Together, the extant findings on neurocognitive aging and cognitive enrichment reveal a number of observations that are relevant for our understanding of postural control and gait in aging. First, neuroimaging findings suggest that the health of white matter tracts and functional connectivity between brain regions may be more age-sensitive than volumetric or functional assessments of discrete brain regions. We note that while many earlier studies focused on the relationships between changes in the structure of specific brain regions and their impact on behavioral outcomes like CMDT, more recent work emphasizes the connections across networks; structural changes in the PFC, for example, may reverberate across a relatively large attention network that extends beyond the PFC. Second, age-related dedifferentiation, coupled with compensatory scaffolding, suggests that there may be qualitative differences in neural activation and behavioral strategies exhibited in young versus older adults. Third, cognitive training research suggests that targeting specific EFs, and including a flexibility or variable-priority component, yields the broadest transfer to untrained cognitive skills. However, an important qualification is that, following the principle of neural overlap, training efficacy apparently depends on the degree of neural similarity between trained and untrained skills. Similarly, the degree of interference observed during dual-tasking should depend on the degree of competition for common neural structures.
We turn next to recent findings in cognitive-motor dual-tasking and aging, focusing on the neural underpinnings of single-task gait and balance as well as CMDT. The fact that CMDT induces activation of cognitive and motor networks simultaneously, both networks that share common pathways as well as very specific pathways, enables the examination of their vulnerability during cognitive-motor interference and the compensatory mechanisms that are called into play with aging.
Cognitive reduction: cognitive-motor dual-tasking (CMDT)

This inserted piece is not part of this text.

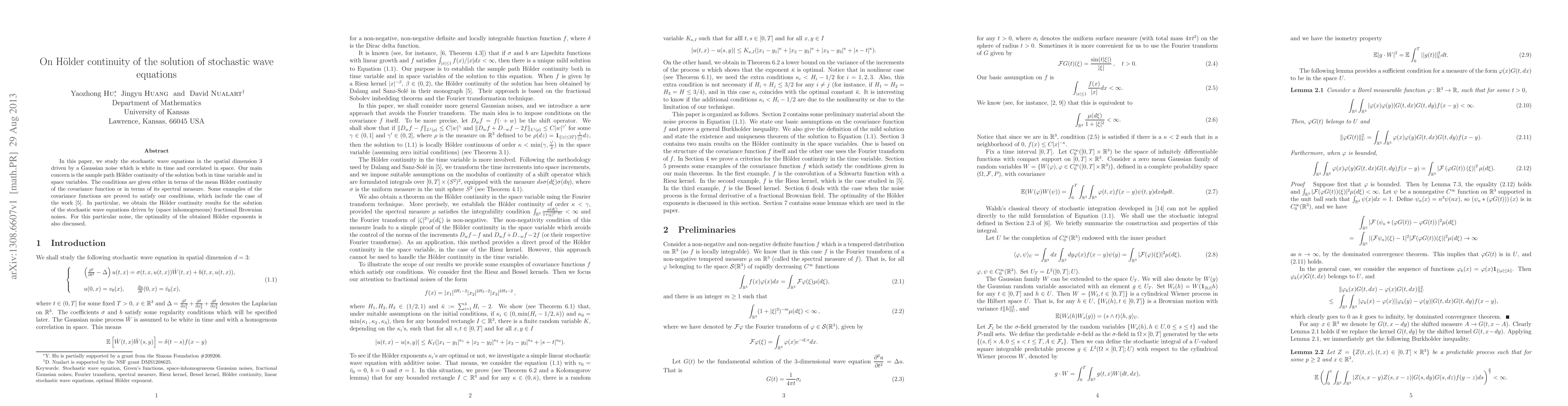 This paper investigates the sample path H\"older continuity of solutions to stochastic wave equations in three dimensions driven by Gaussian noise. It establishes conditions for such continuity in terms of the covariance function's mean H\"older continuity or spectral measure, and proves the results for specific covariance functions, including fractional Brownian noise.

The ability to divide attention between cognitive and motor activity has been examined in efforts to quantify the amount of cognitive capacity recruited for motor functioning (8, 69). CMDT designs typically contrast a balance or walking task performed alone (single task), versus the same motor task performed with a concurrent cognitive task (e.g., talking, mental arithmetic). This comparison forms the basis for the calculation of dual-task costs (DTCs: [single - dual task]/single), which indicate the degree of performance decline or cognitive recruitment that is prompted by the secondary task. Cognitive recruitment to aid motor performance is presumed to reduce the already limited cognitive capacity that can be devoted to a concurrent cognitive task in old age (28, 48).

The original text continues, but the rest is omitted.